OxiClean "starts to work before your eyes," reads the bottle. It's true! When I sprayed it on my blood stain, the formula's hydrogen peroxide fizzed away—giving the impression that serious stain eradication was in progress. As it bubbled, I imagined the peroxide erasing the blood away, but in fact, it barely eliminated it (earning only 1 point).
Ease of use: 2
Spray 'n Wash, $3.49
Claims to clean: "Greasy foods, grass, tomato sauce and a wide variety of others."

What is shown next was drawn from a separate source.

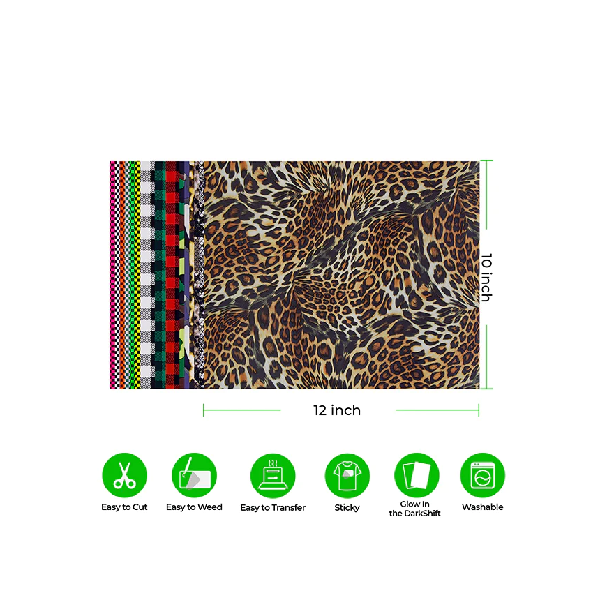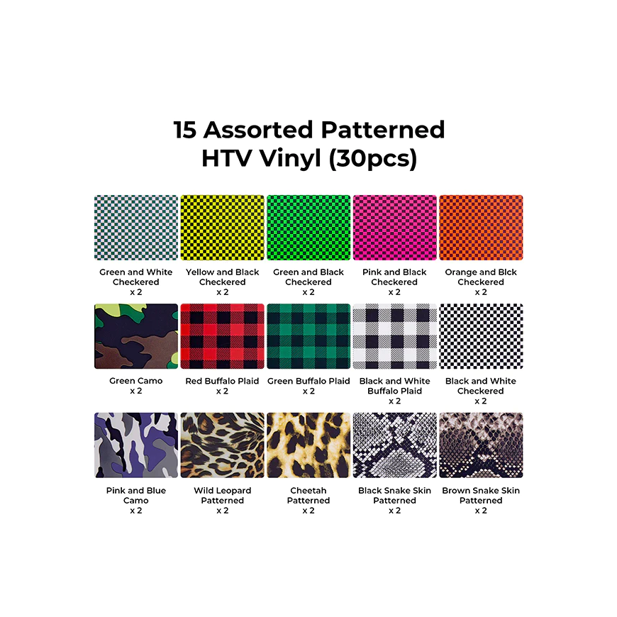 • 300x250mm (12" x 10"), PET soojuse ülekande vinüül 15 erineva mustriga.

Spray 'n Wash was the stain remover of my childhood. I can recall my mom drawing it like a gun from a holster against the multifarious messes I'd make on my clothing. Its packaging declares Spray 'n Wash has "powerful stain fighting ingredients that penetrate, loosen, and eliminate the toughest stains." It earned 3 points for nearly removing the barbecue sauce, and also a 2 for ease of use. What's easier than spraying and washing?
Ease of use: 2
Claims to clean: A call to Shout's 800 number (800-991-7468) revealed that while Shout Wipes and the Shout trigger bottle do have slightly different ingredients (both are detergents) and are designed to be used differently, they are intended to be effective on the same stains.
The No. 1 stain remover (according to AC Nielsen data), Shout claims that its "triple acting formula clings, penetrates, lifts stains away!" The product does have my favorite absurd instruction on the back of the bottle, which reads, "1. Do not operate when tip is in OFF position." The test results? The blood was partially removed (2 points) and the barbecue sauce was nearly eliminated (4 points), for an overall score of 13.
Ease of use: 2
Claims to clean: "Ground-In Dirt, Collar Grime, Grease, Makeup, Tomato Sauce, Cooking Oils, Lipstick, Fruit Juices, Chocolate, Food, Baby Formula, Salad Dressing, Ketchup, Dirty Motor Oil."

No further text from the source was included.